Furthermore, when the first to third nozzles are arranged so as to have a phase difference with respect to the axial direction and the diametrical direction of the measuring head, respectively, it is possible to reliably prevent interference between the jetted compressed fluids. The measurement error can be reduced as much as possible.

[Brief description of drawings]

FIG. 1 is a schematic configuration diagram of an inner sphere diameter measuring apparatus according to an embodiment of the present invention.

FIG. 2 is an enlarged explanatory view of a concave spherical surface of a head and an object to be measured which constitute the inner diameter measuring device.

FIG. 3 is a side view of one of the heads constituting the inner diameter measuring device.

FIG. 4 is a side view of the other side of the head constituting the inner sphere diameter measuring device.

FIG. 5 is a cross-sectional plan view of a support rod that constitutes the inner sphere diameter measuring device.

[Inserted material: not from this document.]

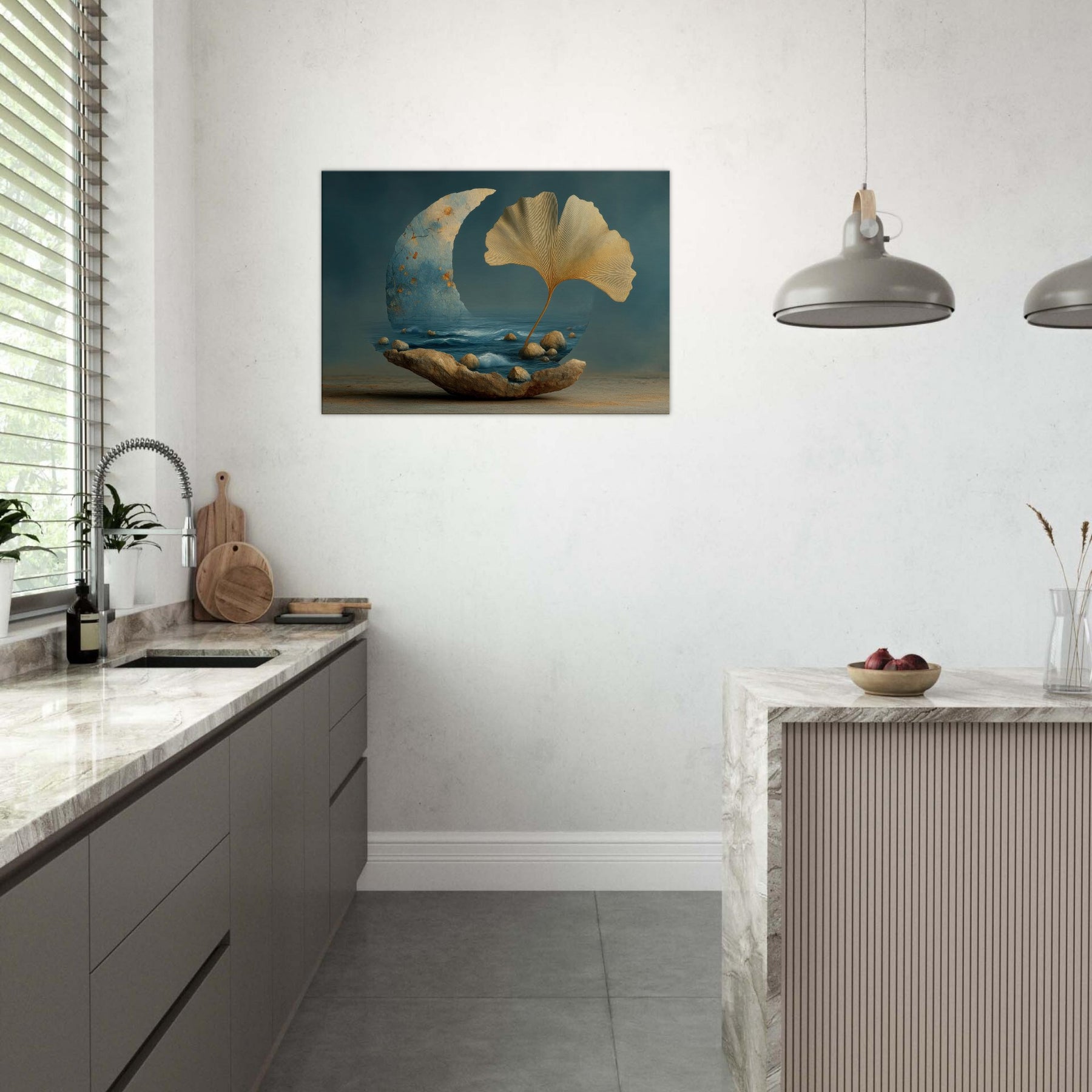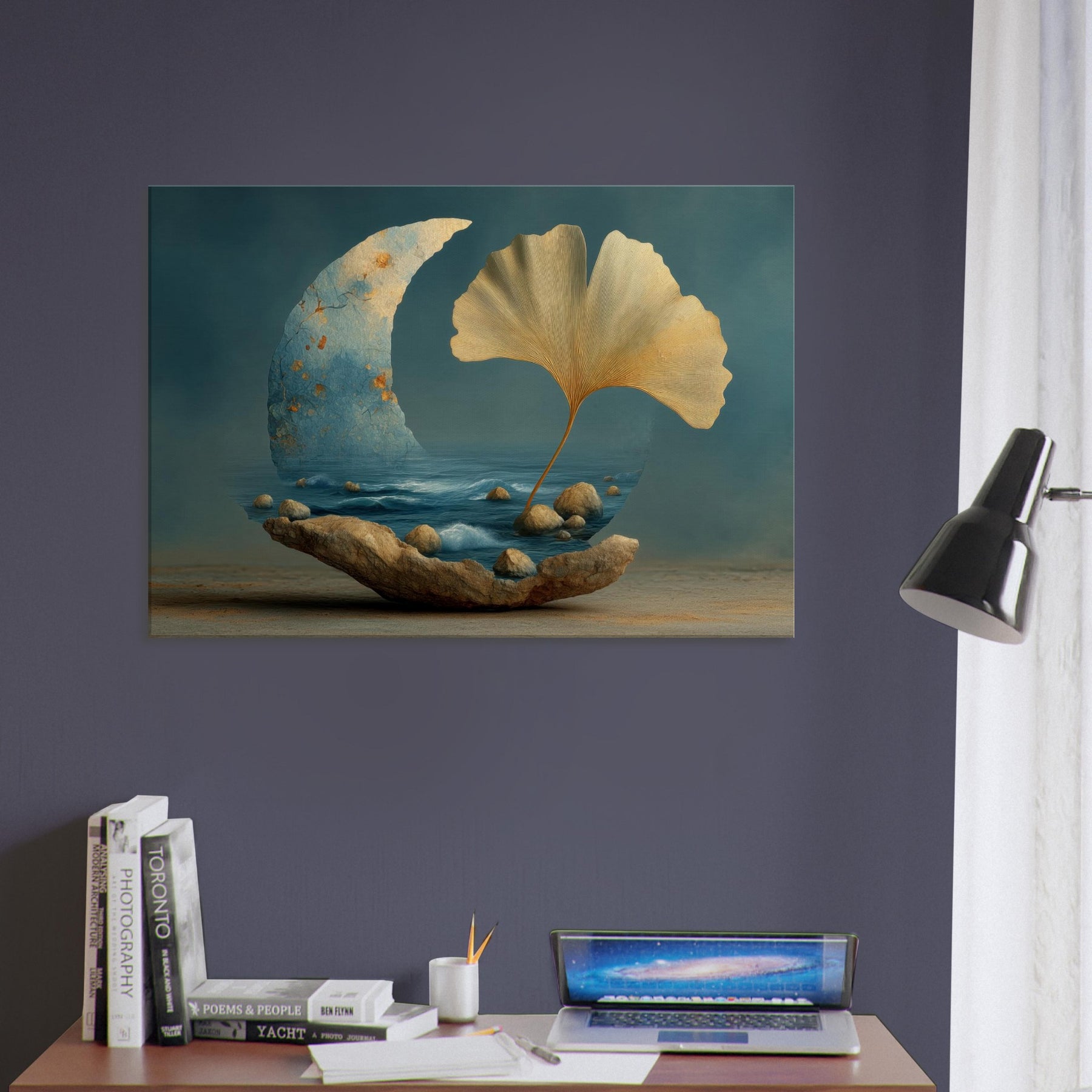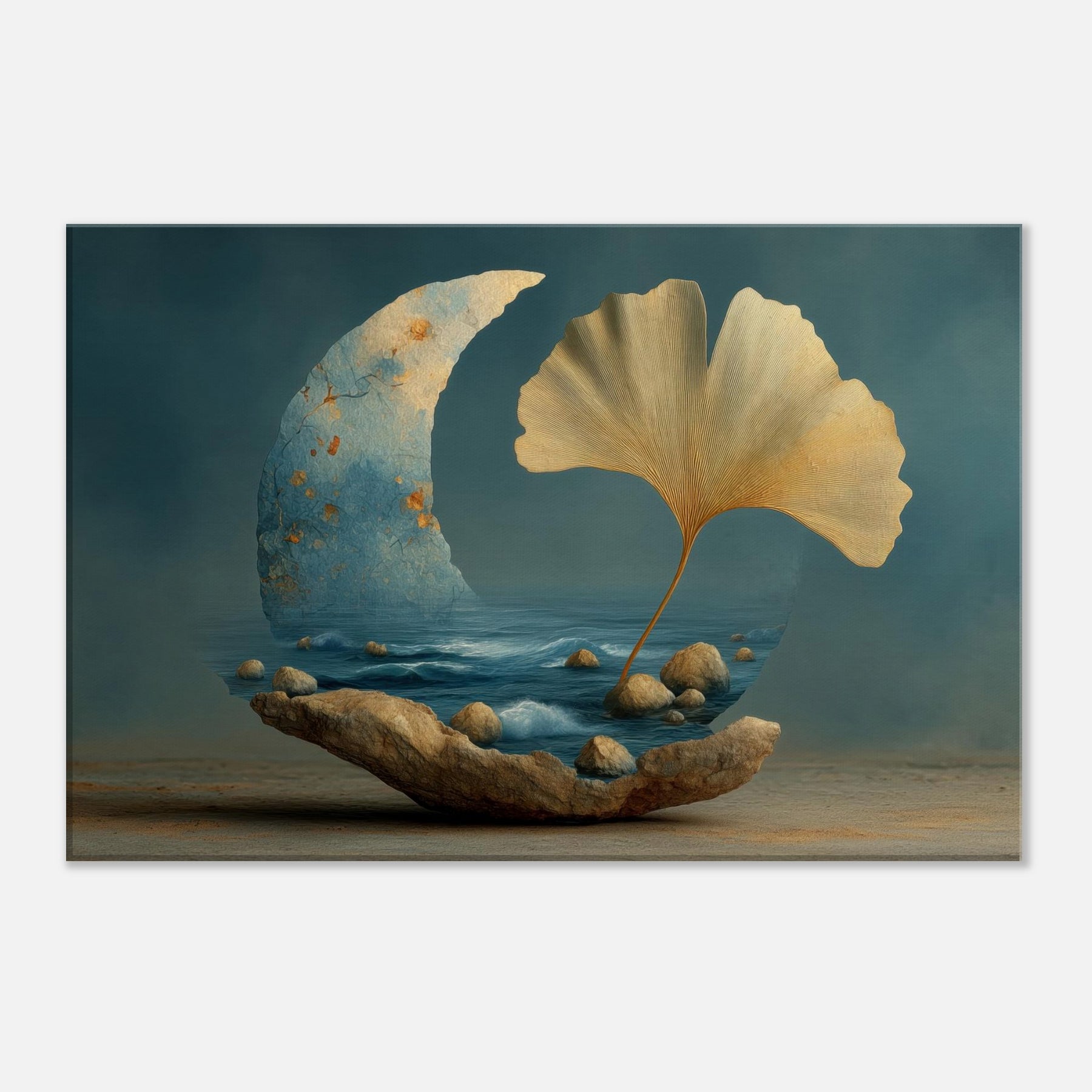 A dreamlike convergence of shore and leaf, this Primary Subject, the Ginkgo Leaf, leaps from stone to sea in a single, suspended moment. Surrounded by a soft mineral dusk, the image folds nature into a surreal arch where memory and weather meet. The leaf's delicate veins glow like tide washed gullies, inviting quiet contemplation. Hang it in a living room or study to conjure a sanctuary of calm, where earthy textures, luminous water, and the sinuous line of nature fuse into a luminous, timeless mood.
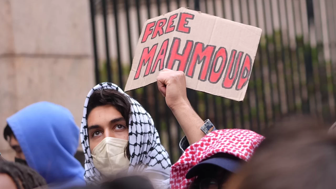 Çoğu Yahudi kökenli bir grup öğrenci, Halil'in gözaltında tutulmasını protesto etmek için gösteri düzenledi.

FIG. 6 is a partial cross-sectional explanatory view of an object to be measured.

[Explanation of symbols]

DESCRIPTION OF SYMBOLS 10 ... Inner sphere diameter measuring device 12 ... Head 14 ... Support rod 16a-16c
... passages 18a to 18c ... pressure detectors 20a, 20b, 22a, 22b, 24a, 24b ... nozzle G ... central diameter F ... concave spherical surface Fe ... inlet concave spherical surface portion Fi ... inward concave spherical surface portion

Claims (4)

[Claims] 1. An inner sphere diameter measuring method for measuring an inner sphere diameter of a concave spherical surface having an arcuate cross section provided on an object to be measured, the inner sphere diameter being smaller than that of the concave spherical surface of the object to be measured. A measuring head having a shape similar to that of a spherical surface is arranged at a constant interval with respect to the concave spherical surface, and a pair of first heads is provided on the measuring head.
A step of ejecting a measurement compressed fluid from a nozzle onto the diameter portion of the concave spherical surface to detect the maximum inner spherical diameter of the concave spherical surface; and maintaining the measuring head at the position where the maximum inner spherical diameter is detected. In this state, the inner diameter of the concave spherical surface on the inlet side is measured through a pair of second nozzles provided in the measurement head, and the measurement is performed through a pair of third nozzles provided in the measurement head. An inner sphere diameter measuring method comprising: a step of measuring an inner sphere diameter on an inner side of a concave spherical surface. 2. The measuring method according to claim 1, wherein when the measurement compressed fluid is jetted from the first to third nozzles,
An inner sphere diameter measuring method, characterized in that the object to be measured and the measuring head are relatively rotated to measure the inner sphere diameter of the concave spherical surface at an arbitrary phase angle position. 3. An inner spherical diameter measuring device for measuring an inner spherical diameter of a concave spherical surface having an arcuate cross section provided on an object to be measured, the inner spherical diameter being smaller than the concave spherical surface of the object to be measured. A measuring head having a shape similar to that of a spherical surface is provided, wherein the measuring head has a pair of first nozzles for injecting a measurement compressed fluid to a diameter portion of the concave spherical surface, and an inlet side concave spherical surface portion of the concave spherical surface. A pair of second nozzles for ejecting the measurement compressed fluid, and a pair of third nozzles for ejecting the measurement compressed fluid to the inner concave spherical surface of the concave spherical surface, and the first nozzle to The inner diameter measuring device is characterized in that the third nozzle communicates with the pressure detector through different passages. 4. The measuring device according to claim 3, wherein the first to third nozzles are arranged with a phase difference with respect to the axial direction and the diametrical direction of the measuring head, respectively. Inner sphere diameter measuring device.